Donald Trump’s phone call with Georgia Secretary of State Brad Raffensperger is notorious for good reason. On Jan. 2, 2021, as the then-president searched for ways to maintain power despite his election defeat, Trump appealed to the Georgia Republican to “find” votes that would flip the state’s election results. All of this, of course, is the basis for an ongoing criminal investigation.
But as part of the same conversation, Trump, citing research he didn’t identify, said, “So dead people voted, and I think the number is close to 5,000 people. And they went to obituaries. They went to all sorts of methods to come up with an accurate number, and a minimum is close to about 5,000 voters.”
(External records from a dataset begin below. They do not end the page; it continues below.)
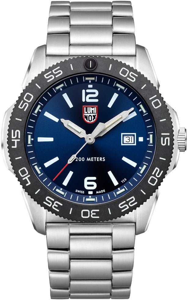 Luminox Watch Pacific Diver Mens XS.3123. The Pacific Diver series features a 44 mm stainless steel case with a CARBONOX uni directional bezel, resulting in an eye catching fusion of materials. Model 3123 comes as a blue dial and black bezel on a stainless steel bracelet. The Pacific Diver series features water resistance to 200 meters, screw in crown and case back, sapphire crystal and, of course, the Luminox Light Technology, which guarantees constant night visibility for up to 25 years. The Luminox motto, Every Second Counts is engraved on the stainless steel case back, to remind you to make the most of every moment you have.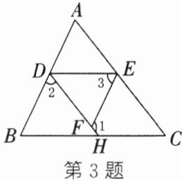 3. 如图,$\angle 1+\angle 2= 180^{\circ}$,$\angle 3= \angle B= 65^{\circ}$,$\angle C= 52^{\circ}$,则$\angle FEC$的度数为______.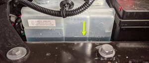 注Make sure vehicle is not in drive state, Plan is still running despite the stop message, Coolant pumps will be audible, Test lasts approximately 10 mins, Speeds can be monitored in garage under PT Thermal tab, Idle speed = ~1500 RPM, Test will vary speeds from 3500-6500 RPM and actuate valve between SERIES and PARALLEL, Putting vehicle into drive state will stop this routine, If speeds hover at 7000 RPM, that means the pumps are air locked, perform vacuum fill again, Continue to add coolant and purge until the coolant level reaches between the NOM and MAX Lines on the bottle, Select ‘X’ at top right of window to close once complete - Install coolant bottle cap
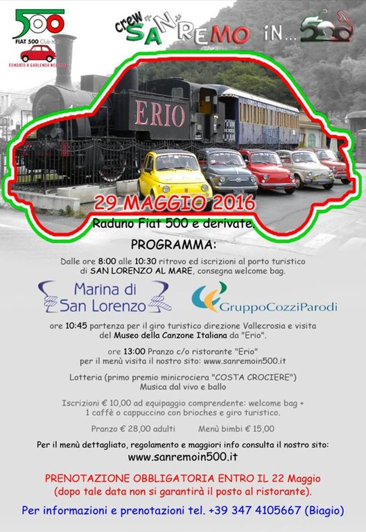Come ogni raduno, immancabile la parentesi culinaria con tappa da 'Erio' (via Roma 108, Vallecrosia) e dopo il pranzo, spazio al divertimento con musica dal vivo e ballo. Non mancherà la lotteria e il più fortunato potrà vincere una minicrociera Costa.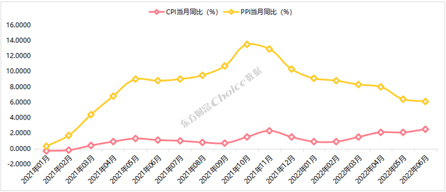 2022年7月9日,国家统计局公布6月价格数据。数据显示,6月CPI同比上涨2.5%,涨幅比上月扩大0.4个百分点,环比由上月下降0.2%转为持平;PPI同比上涨6.1%,涨幅比上月回落0.3个百分点,环比由上月上涨0.1%转为持平。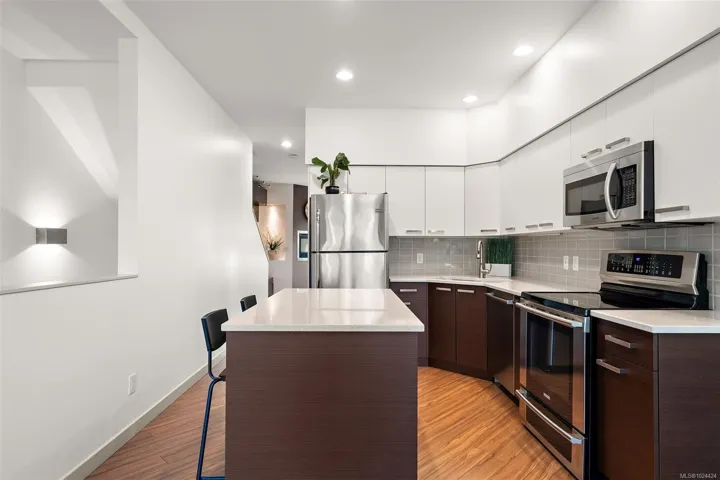 This beautiful 4 BEDROOM 3 BATHROOM townhouse has been recently refreshed and shows better than new. Built in 2011, this home has been meticulously maintained and is ready for a new family to enjoy. The smart layout offers a garage, carport and bedroom/office on the ground floor. The main floor has a large gourmet kitchen, in line dining room overlooking your private patio, a good size living room with fp and a 2 pc bath. Upstairs you will find 3 good size bedrooms including a large primary bedroom with soaring 11′ vaulted ceiling and 3 pc ensuite, 2 bathrooms and laundry. With nearly 1600 sq ft of finished space, there is room for everyone. The well managed, 22 unit strata is the perfect “community” size, ideal for kids and adults alike. Even your furry friends are welcome with bylaws that allow 3 dogs or cats! Fantastic location with an easy walking distance to local parks, restaurants and all that Langford has to offer. Priced for immediate sale..don’t hesitate or it’ll be gone!
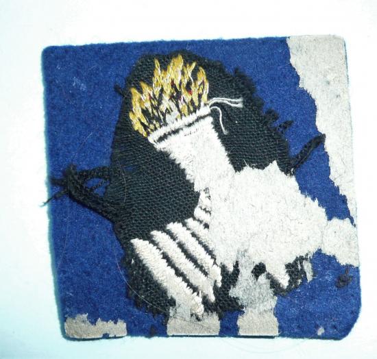 Removed from uniform with some traces of paper stuck to the reverse otherwise in very good condition. A white mailed fist holding a torch of learning on blue felt with a black hessian backing.
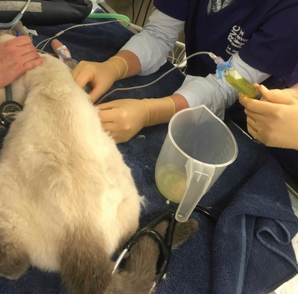 When assessing a patient post-thoracocentesis, it is important to consider other pathologies that are still present that may also be contributing to the patient’s dyspnoea and be sure to manage these. It is particularly important to re-auscultate the chest for better assessment of co-existing pulmonary disease. Pulmonary contusions often are present in cases of traumatic pneumothorax, pulmonary oedema occurs alongside pleural effusion in congestive heart failure and in cases of pyothorax there is often an accompanying pneumonia. All of these will likely require continual oxygen support post-thoracocentesis.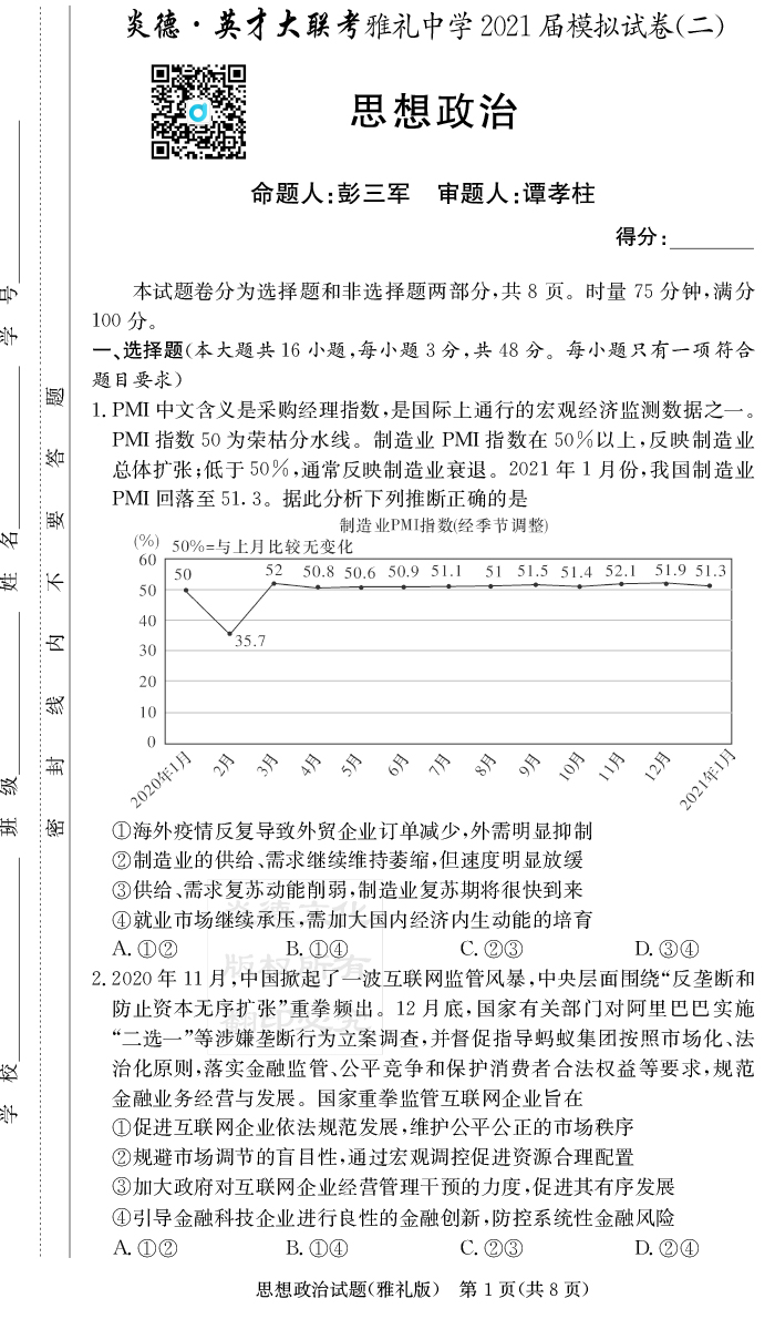 上一篇:【語文】炎德英才大聯(lián)考2021屆雅禮中學高三10次月考(模擬二)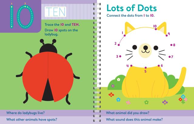 The ultimate write and erase workbook, with tons of curriculum-based activities and exercises focusing on letters, numbers, colors, and shapes. Includes a removable double sided white board and dry erase marker (attached in spiral binding).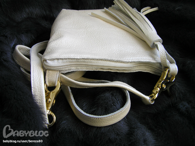 Изделия из кожиВот попробовала первый раз сшить из кожи небольшую сумочку на длинном ремешке.Кожа плотная,но шилось великолепно,я даже не ожидала,что моя старая машинка ее возьмет.Кожа красивого перламутрового бежевого оттенка.Подклад атлас такого же оттенка.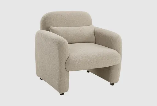 The Avalon Taupe Accent Chair is a stylish and comfortable addition to any living space. Its elegant taupe color and boucle fabric upholstery create a sophisticated look, while the foam padding over pocket coils ensures maximum comfort. The chair also features attached back and seat cushions for added convenience and comes with a matching pillow.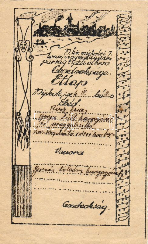 Beschreibung: 1924 Miskolci tiszti étkező étlapja

Not surprisingly, the then-president was point to data that he’d just made up. What is surprising is the information that was available to him at the time. The Washington Post reported:
[A] report commissioned by his own campaign dated one day prior told a different story: Researchers paid by Trump’s team had “high confidence” of only nine dead voters in Fulton County, defined as ballots that may have been cast by someone else in the name of a deceased person. They believed there was a “potential statewide exposure” of 23 such votes across the Peach State — or 4,977 fewer than the “minimum” Trump claimed.
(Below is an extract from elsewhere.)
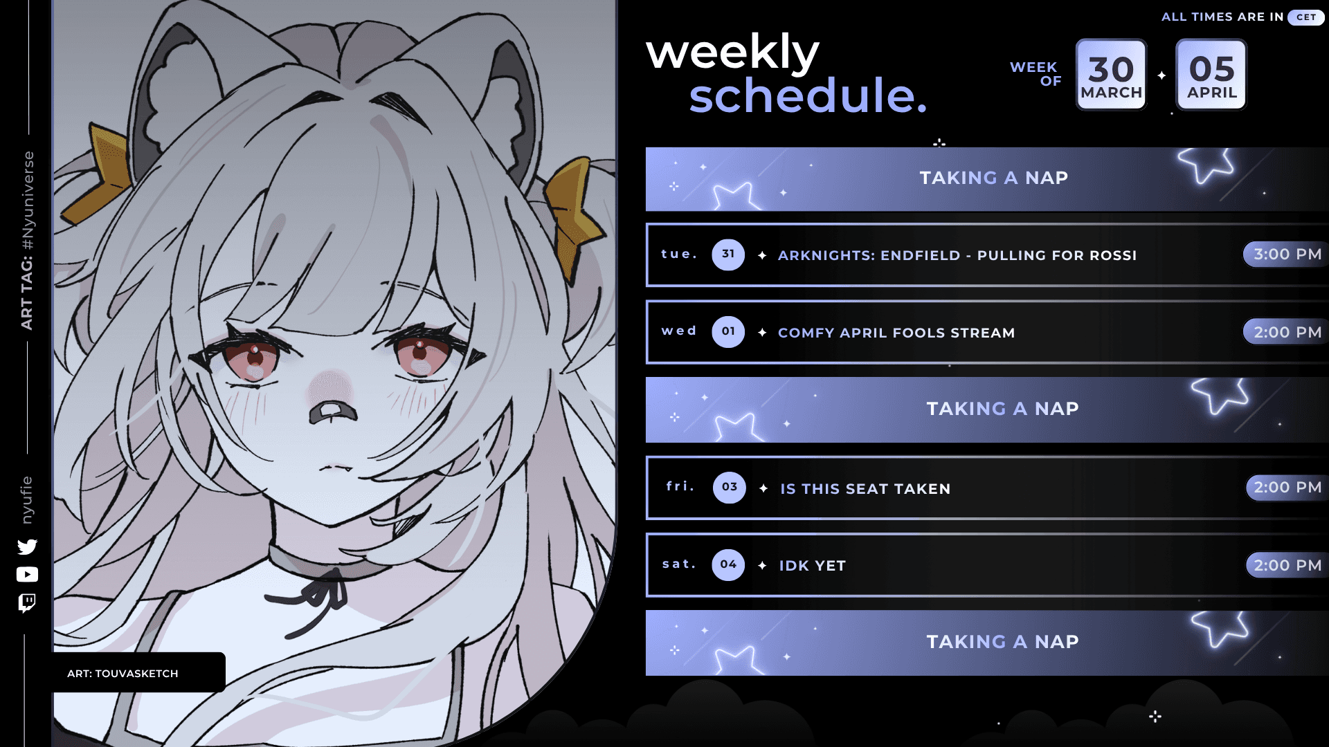 wednesday will be a comfy april fools stream, expect a lot of reading!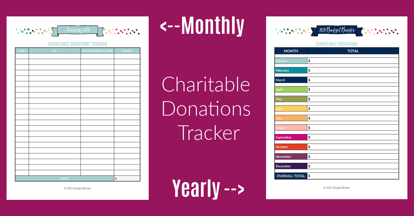 This year I’ve added two forms to help you track your charitable donations. You can use the monthly Charitable Donations tracker form in each of the monthly packets to track your donations to multiple organizations. Then total up your monthly donations at the bottom.

A similar story unfolded in Nevada, where the former president’s lawyers claimed there were 1,506 ballots cast in the names of dead people, while Trump’s own researchers concluded there were, in reality, maybe as many as 20 such examples statewide.
The research came by way of the Berkeley Research Group, which as we discussed last month, is well known in legal and corporate circles as a leading consulting firm with prominent clients. When Trump’s political operation set out to scrutinize the 2020 presidential election, and it sought out expert researchers, it turned to BRG to do the heavy lifting.